2. **Graph - Based Reasoning**:
- **Graph - Based Context Representation Learning Module**: Use the topological sorting algorithm to re - order the input evidence, making semantically related words closer in distance, thereby obtaining better context word representations.
- **Graph - Based Reasoning Module**: Aggregate graph information through the graph convolutional network (GCN) and the graph attention mechanism to make the final prediction.
### Experimental Results
- **Data Set**: The CommonsenseQA data set contains 12,102 samples, of which 9,741 are in the training set, 1,221 are in the development set, and 1,140 are in the test set.
- **Experimental Setup**: Use the XLNet large - scale pre - training model, and the input format is “<evidence> <sep> question <sep> the answer is <option> <cls>”.
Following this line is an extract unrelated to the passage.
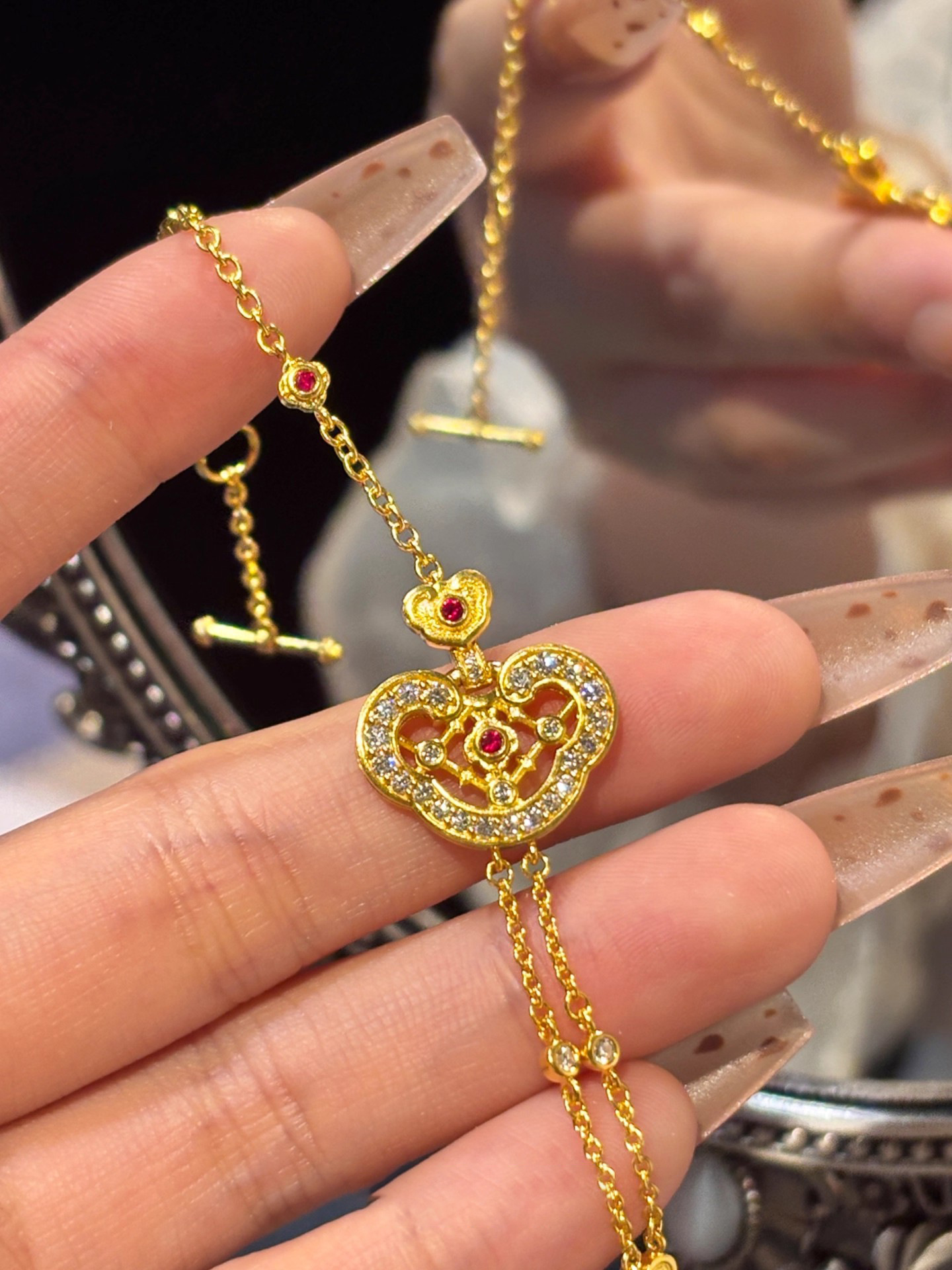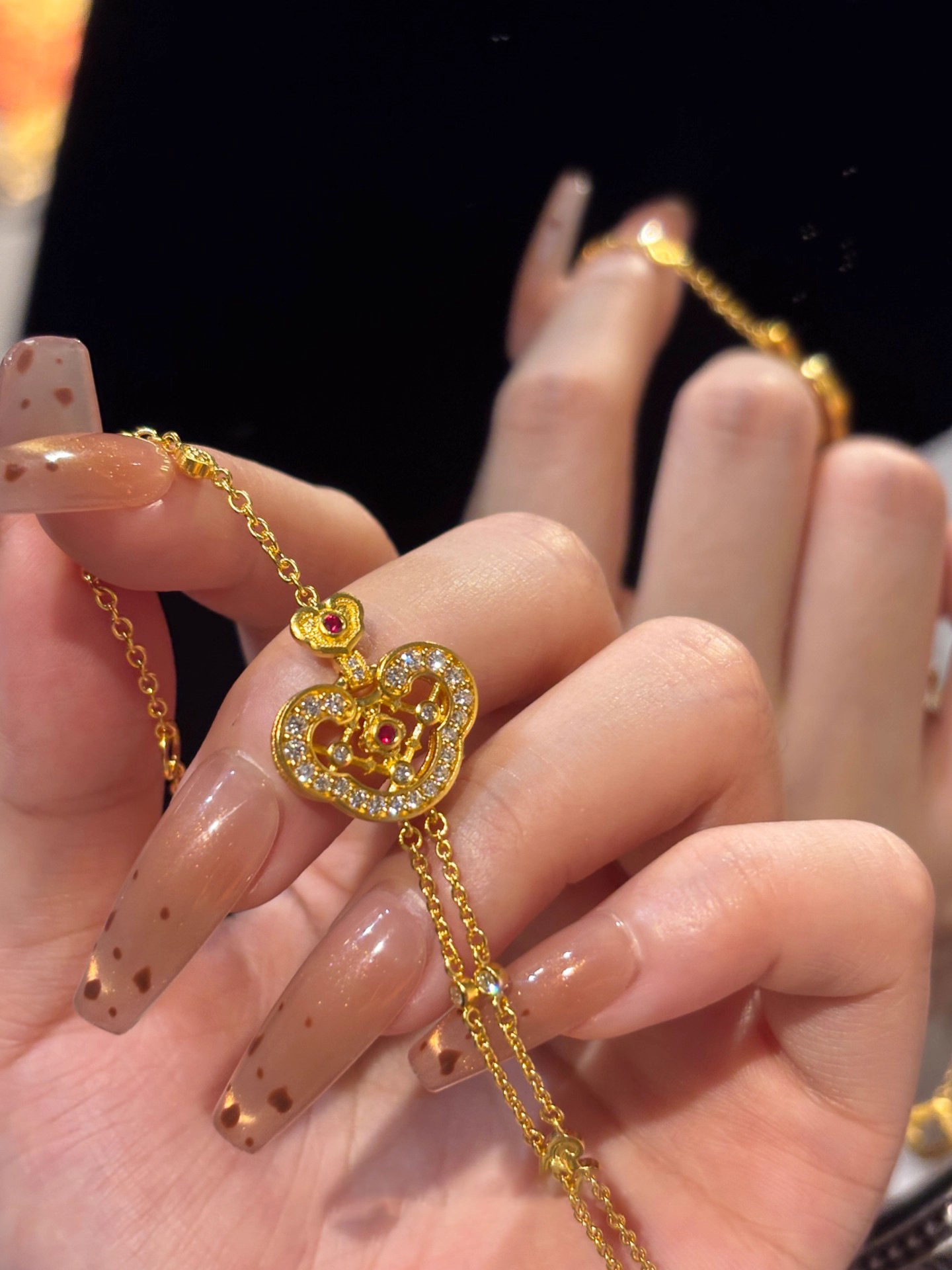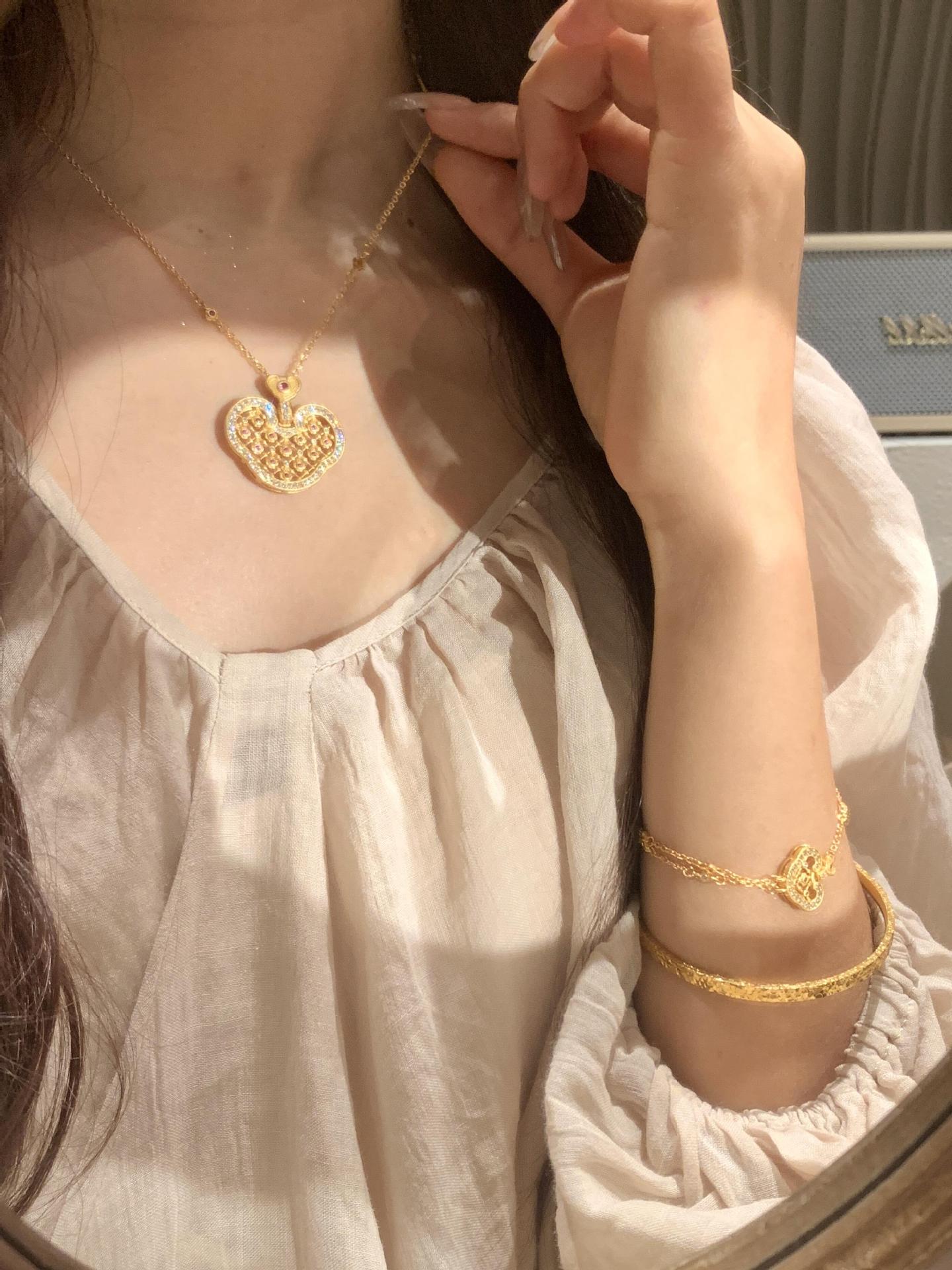 颜色 花丝镂空如意锁包项链,花丝镂空如意锁包手链

- **Performance**: Achieve an accuracy rate of 79.3% on the development set and 75.3% on the blind test set, which is better than many existing baseline models.
### Ablation Experiments
- **Reasoning Components**: The effectiveness of the topological sorting algorithm and the graph reasoning module is verified through ablation experiments. The results show that the topological sorting algorithm brings a 1.9% improvement, the graph reasoning module brings a 1.4% improvement, and the combination of the two brings a 3.5% improvement.
- **Knowledge Sources**: ConceptNet and Wikipedia are used as knowledge sources respectively. The results show that ConceptNet brings a 6.4% improvement and Wikipedia brings a 4.6% improvement. After combining the two, the total improvement reaches 9.4%.
### Case Analysis
A specific example is used to show how the model uses heterogeneous knowledge sources to answer questions. For example, for the question “What are the animals that have hair and do not lay eggs?” (the answer is “mammals”), the model extracts the information that “mammals are animals” and “mammals have hair” from ConceptNet, and the information that “few mammals lay eggs” from Wikipedia. These pieces of information together support the inference of the correct answer.
### Error Analysis
Fifty error samples are randomly selected for analysis, and it is found that the main reasons for errors include:
- **Insufficient Evidence**: Some questions require more background knowledge to be answered correctly, but the extracted evidence is not sufficient to support reasoning.
- **Reasoning Error**: Even if the correct evidence is extracted, the model may make errors during the reasoning process.
- **Noise Interference**: The extracted evidence may contain noise information, which affects the model's judgment.
In short, this paper effectively uses heterogeneous knowledge by proposing a graph - based method.